Activity index in the service sector of New Zealand fell to 50.6 points (-5.6 points) in December. Trade balance amounted to +NZ$338 billion in December against the level of -NZ$307 billion in November. However, positive factor of the index has already been incorporated into the price. Consumer confidence index ANZ fell to 108.4 points in December against 109.0 points earlier. Therefore, Europe and its problems have a strong impact on Australian economy, as well as on other remote counties; forecast sare too difficult to make. GDP in New Zealand increased by 0.8% q/q in Q3(+1.9% y/y) against the forecast of +0.6% on quarterly basis. Significant support to the economy of New Zealand was provided by Rugby Championship which attracted a lot of investment into the country. GDP rose by 0.1% q/q (+1.5%y/y) in Q2 against the level of +0.9% q/q (+1.6% y/y) in Q1. Thus, New Zealand economy is actually in the state of stagnation. GDP had almost stopped growing, but revived later. Most likely the index will be weaker in Q4.

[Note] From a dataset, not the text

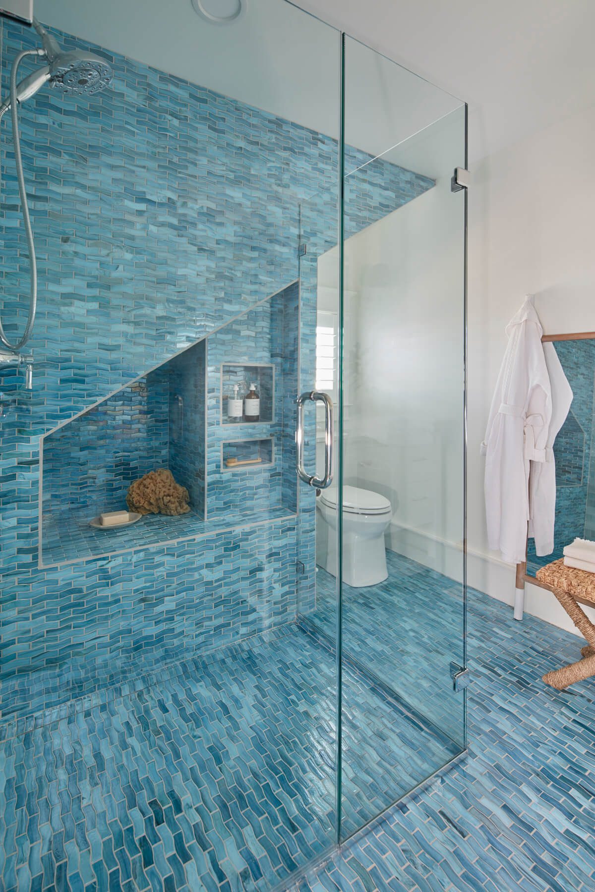 Classic blues and crisp whites complement the random-width white oak floors finished in a custom white stain. The large glass multi-glide door off of the kitchen captures the amazing views of the bay. The stunning kitchen features extra thick porcelain countertops, blue island with matching blue front glass cabinets, and a gorgeous glass mosaic backsplash that glistens in the sunlight.

At the meeting in the end of January, the Reserve Bank of New Zealand decided to leave interest rate at the minimal level of 2.5% per annum. According to follow-up comments of the regulator this decision is reasonable because world economic risks are still preserved despite internal stability in New Zealand. RBNZ emphasized that inflationary pressureis being steadily contained; however NZD growth negatively affects earnings of exporters.